Остаётся добавить, как же всё-таки удалось завершить книгу в такое трудное для Михаила Филипповича время.
Я даже не сразу подумал о том, что работа над книгой срывается. Как же теперь можно приставать к Гулякину с продолжением работы. Это, по меньшей мере, бестактно. Что сказать главному редактору издательства? Я же заявил, что рукопись в основном готова и нужно месяца два на шлифовку. А сдавать нечего.
Долго думал, как поступить. А потом сел и стал писать дальше, писать, многое дополняя, домысливая, ведь Михаил Филиппович столько рассказывал о своей службе. И ведь рассказывал так, словно книгу писал – эпизоды не приводил похожие, а приводил новые, как бы развивающие тему. Таким образом, мне была уже известна общая канва, известны имена многих сослуживцев Гулякина. Ну и примерно представлял уже обстановку в медсанбате.
Напечатал на машинке с полсотни страниц. Ну и поскольку прошло уже немного времени, позвонил Гулякину.
– Михаил Филиппович, это снова я, извините… Работу я продолжаю – иначе просто книги не будет. А все говорят – что книга о вас нужна не только нам с вами. Разрешите я вам принесу несколько готовых глав, а вы, если будет минутка, просто посмотрите по диагонали?
Он ответил не сразу.
– Ещё раз извините. Я все ваши рассказы учёл, но нужно бы посмотреть. Издательство торопит.
– Хорошо, Коля, принеси.
Я пришёл в назначенное время, постучал в дверь, но она была закрыта и, решив, что Михаил Филиппович где-то в отделении или на консилиуме, решил ждать. Всё-таки, даже лучше, если поймаю его после каких-то рабочих дел – иное настроение. Долго сидел. Уже близился конец рабочего дня, а он, как я помнил, подчинённых без необходимости в их личное время не занимал.

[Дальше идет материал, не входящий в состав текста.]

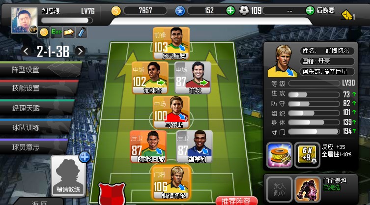换了后腰。甲级你的阵容应该很稳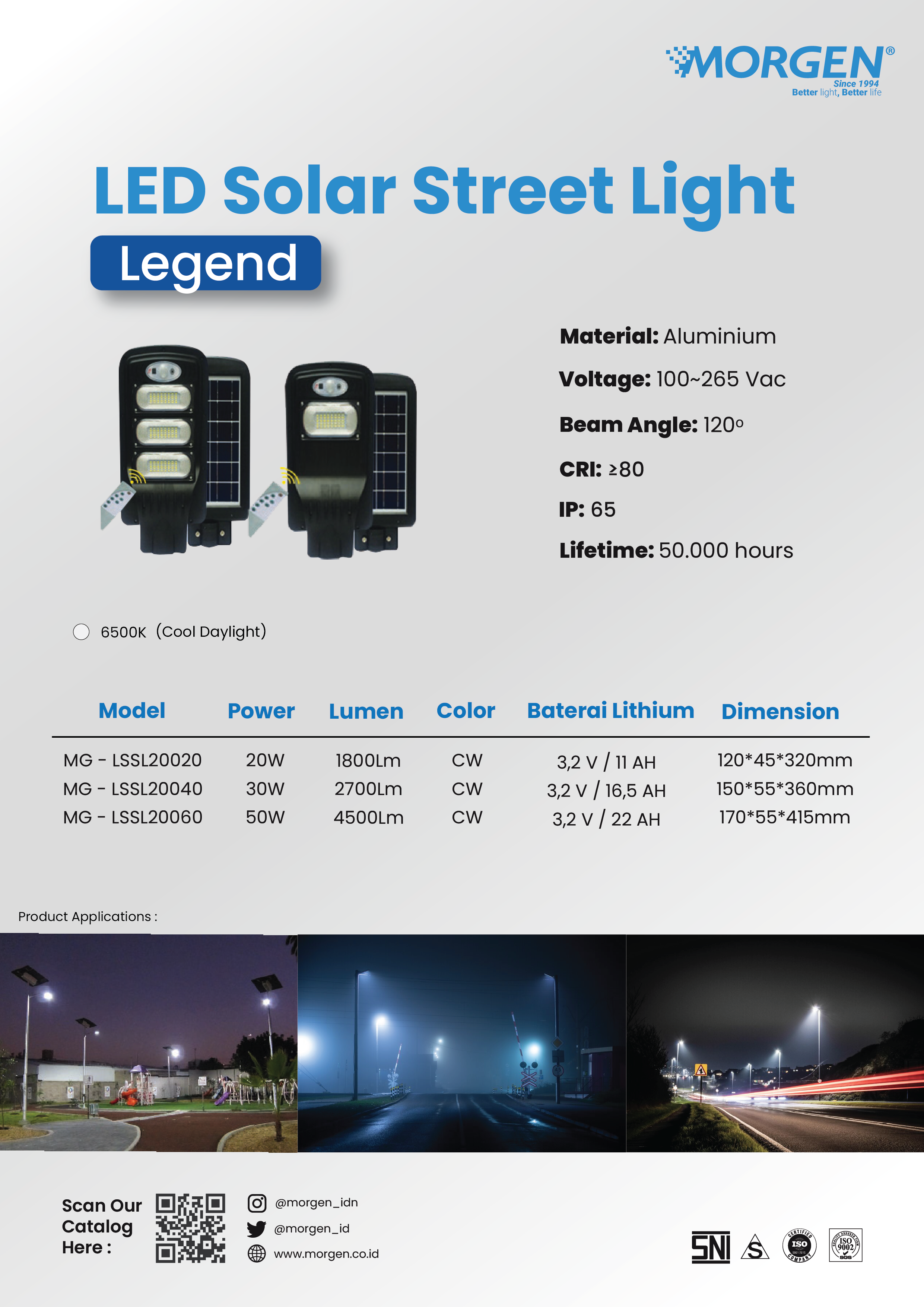 Enjoy maximum lighting, energy saving, and environmentally friendly with the Morgen LED Solar Street Light Legend Series!

И вдруг дверь открылась и на пороге появился Михаил Филиппович. Как же он изменился и осунулся за эти дни! Увидев меня, вскочившего с кресла, он пошёл на встречу, мы обнялись и он, взял рукопись, сказав:
– Извини, Коля, у меня люди, я немножко занят.
Какие уж там люди!? Он просто не знал, что я перед кабинетом уже не один час – закрылся наедине со своим тяжёлым горем.
Заметил новое… От него сильно пахло куревом, да и из кабинета вырывались клубы… А ведь каким он ярым противником курения был. Как-то так получилось, что темы курения мы никогда не касались, и я даже не знал, курил ли он на фронте.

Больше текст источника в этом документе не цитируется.